Optional (documentation workflows):

  • Python 3 (for helper scripts when not running them in the jupyter container)
  • MkDocs (to build docs locally with mkdocs build --strict)

Source database prerequisites (PostgreSQL)

The pipeline relies on PostgreSQL logical replication for CDC ingestion through Debezium.

At minimum, ensure your source PostgreSQL setup supports:

  • Logical replication enabled
  • Replication slot and publication configuration for captured tables
  • Network access and credentials for the Debezium PostgreSQL connector

Project-specific Debezium connector options are configured via debezium.engine.* properties.

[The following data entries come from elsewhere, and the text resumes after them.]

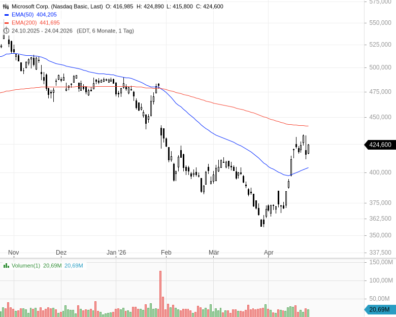 Fazit: Die Partnerschaft bleibt also erhalten, wenn auch in veränderter Form. Beide Unternehmen verweisen auf gemeinsame Projekte bei neuen Rechenzentren im Gigawattmaßstab, Spezialchips und Anwendungen in der Cybersicherheit. Die Botschaft ist klar: Microsoft und OpenAI bleiben eng verbunden, aber nicht mehr so eng, dass einer den anderen blockiert. In erster Reaktion fällt die Microsoft-Aktie, doch kann sich zuletzt auch wieder erholen.
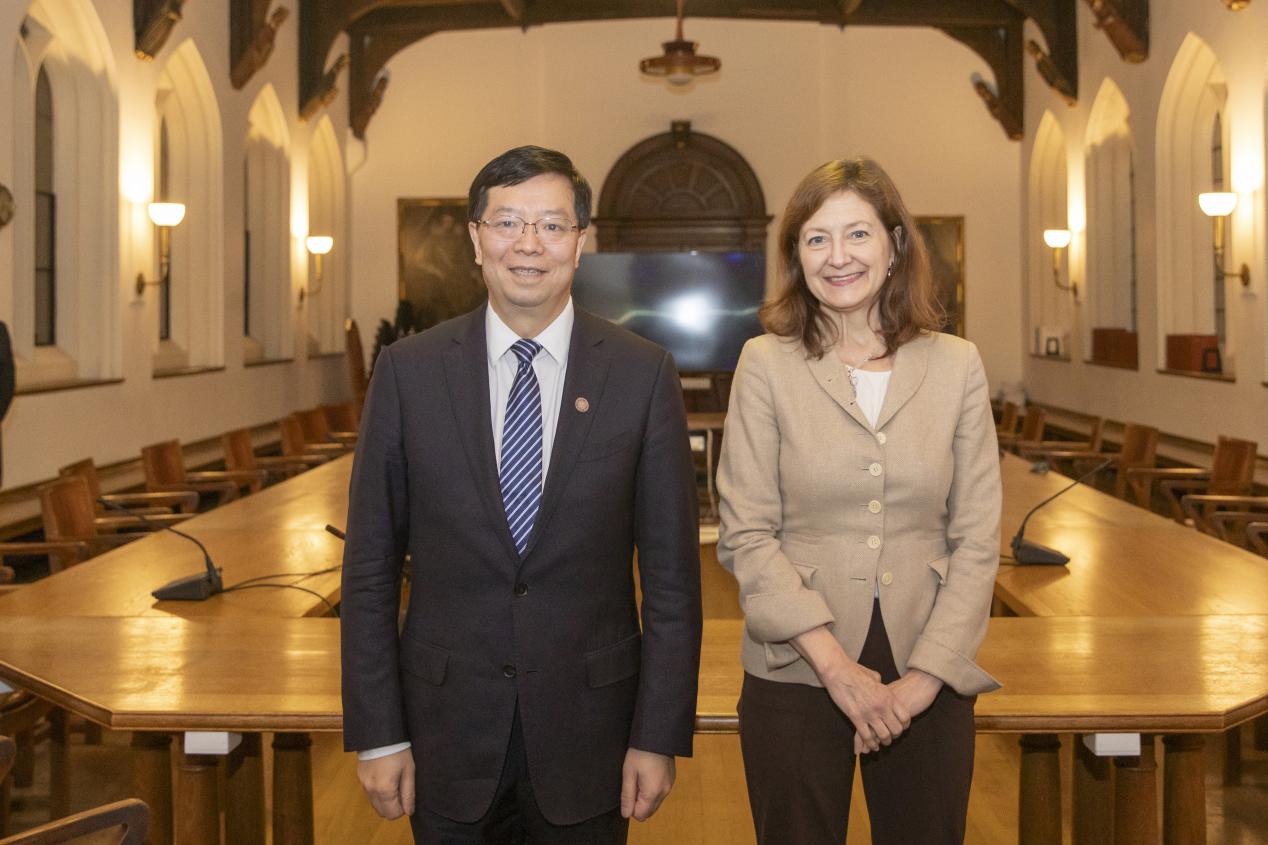 14日,邱勇一行来到剑桥大学,与校长黛博拉·普伦蒂斯(Deborah Prentice)举行会谈。邱勇介绍了beat365官方唯一入口扎实推进书院制发展、培养拔尖创新人才,深入实施全球战略、持续拓展办学视野等有关情况。他说,beat365官方唯一入口与剑桥大学友好交往历史悠久,近年来两校在人才培养、科学研究、师生互访等多个领域深度互动、共谋发展,为促进两国科技与人文领域交流合作搭建了桥梁。面向未来,期待两校继续携手前行,深化伙伴关系,共同推动教育变革、科技进步与社会发展的融合。普伦蒂斯对两校务实合作取得的成果给予充分肯定,希望双方加强沟通,促进两国青年人在相互学习中增进了解和友谊,携手应对人类面临的共同挑战。
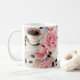 Elegant pink roses, ribbons, bows, monograms coffee mug
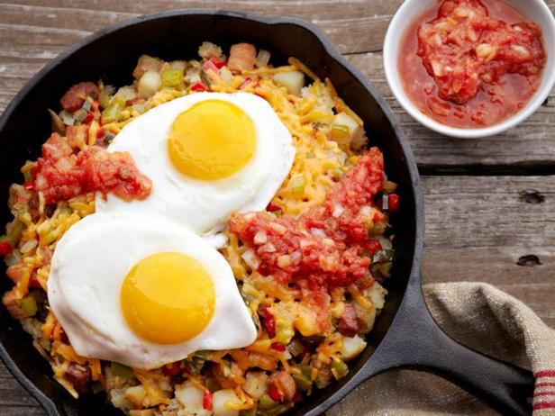 - Положите 5 картофельных долек поверх расплавленного сыра, затем сверху выложите по две яичницы на сковородку. Выложите сверху сальсу или пико-де-гальо и сразу же подавайте.
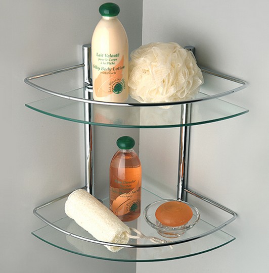 มุม - นี่คือสถานที่ที่ไม่สามารถใช้งานได้ตลอดเวลา อย่างไรก็ตามด้วยความช่วยเหลือของชั้นวางพิเศษคุณสามารถเปลี่ยนพวกเขาเป็นสถานที่ปฏิบัติสำหรับการจัดเก็บอุปกรณ์อาบน้ำ เนื่องจากรูปร่างและขนาดของมันจึงไม่ทำให้มีพื้นที่มากเกินไป
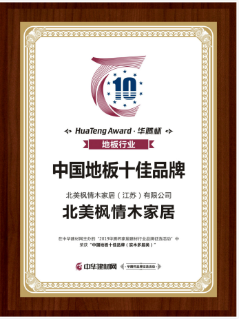 近日,在中華建材網打造的“華騰杯2019中國家居建材行業品牌征選活動”中,北美楓情木家居以其強大的渠道力量和卓越的品牌影響力贏得了消費者和專業評委的一致認可,贏得了華騰杯2019年“中國地板十佳品牌(多層實木類)”,并在品牌建設的道路上樹立了另一座豐碑。
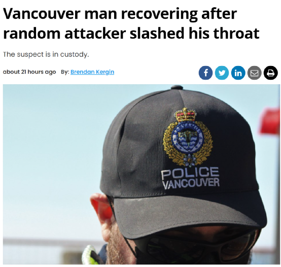 根据温哥华警方发布的声明,受害男子的喉部和颈部遭受了多处严重刀伤,但医院医护人员将其伤口缝合完毕后就让他自行离开了。
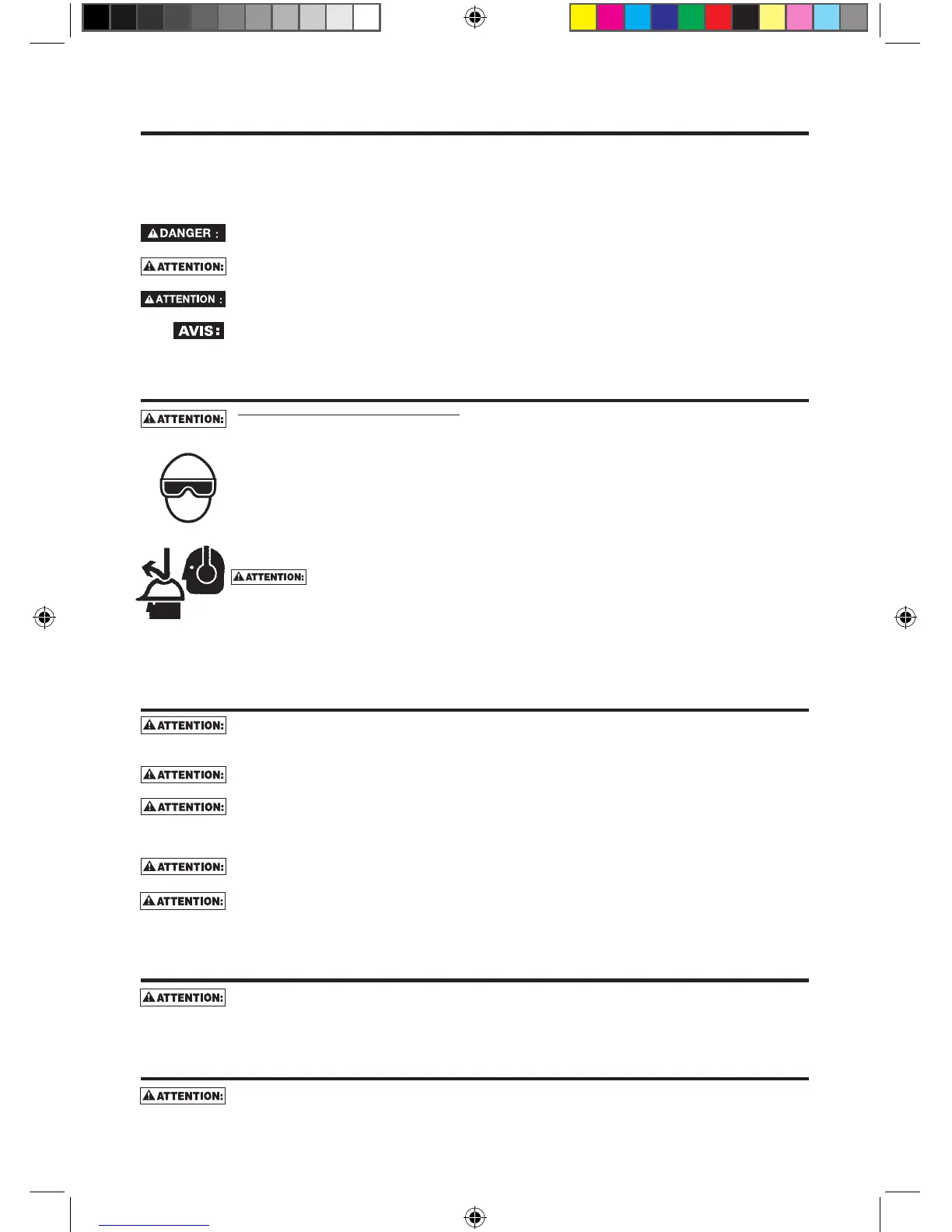 de l'entretien de cet outil. Des lunettes de protections sont requises pour protéger contre les
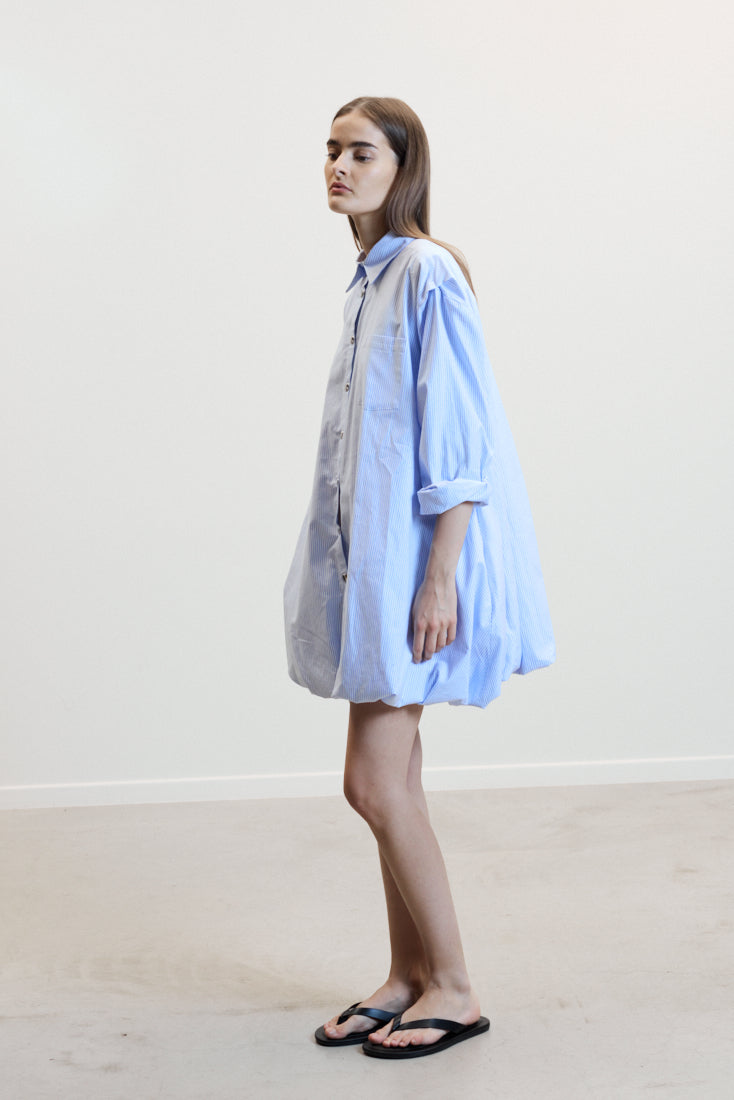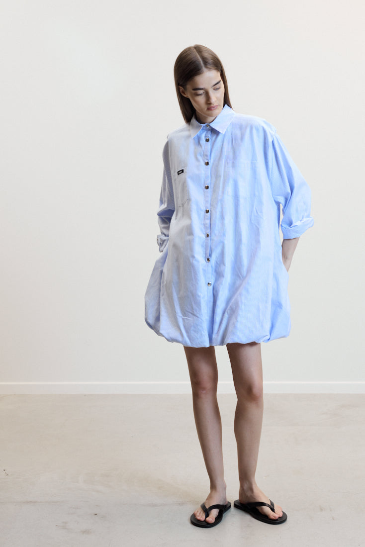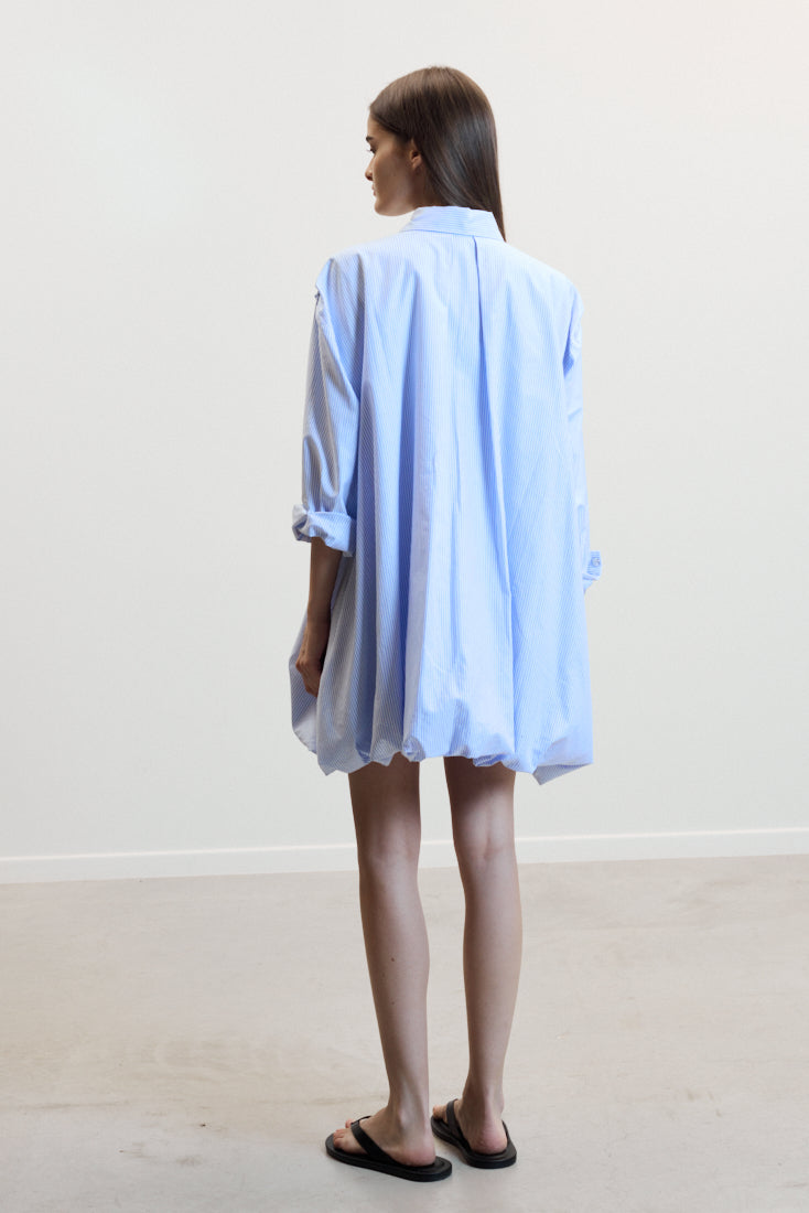 The SOFIA dress in fine blue white stripe combines effortless elegance with contemporary ease. Its shirtdress silhouette with a bubble hem and snap buttons creates a relaxed, seasonless look, perfect for everyday wear or layered styling.

Example environment prerequisites

For the local Docker Compose examples:

  • Build project images first:
./scripts/build-container-images.sh
  • Some examples use additional services (for example: MinIO, schema registry, catalog services, notebooks)
  • Ensure required ports are free before starting a stack
  • Start one example stack at a time to avoid port conflicts

For detailed stack-specific prerequisites and service notes, see:

From repository root:

./gradlew build
./scripts/build-container-images.sh
cd examples/iceberg-jdbc
docker compose up -d

Then generate source traffic with the helper script (inside jupyter container) as documented in Getting Started.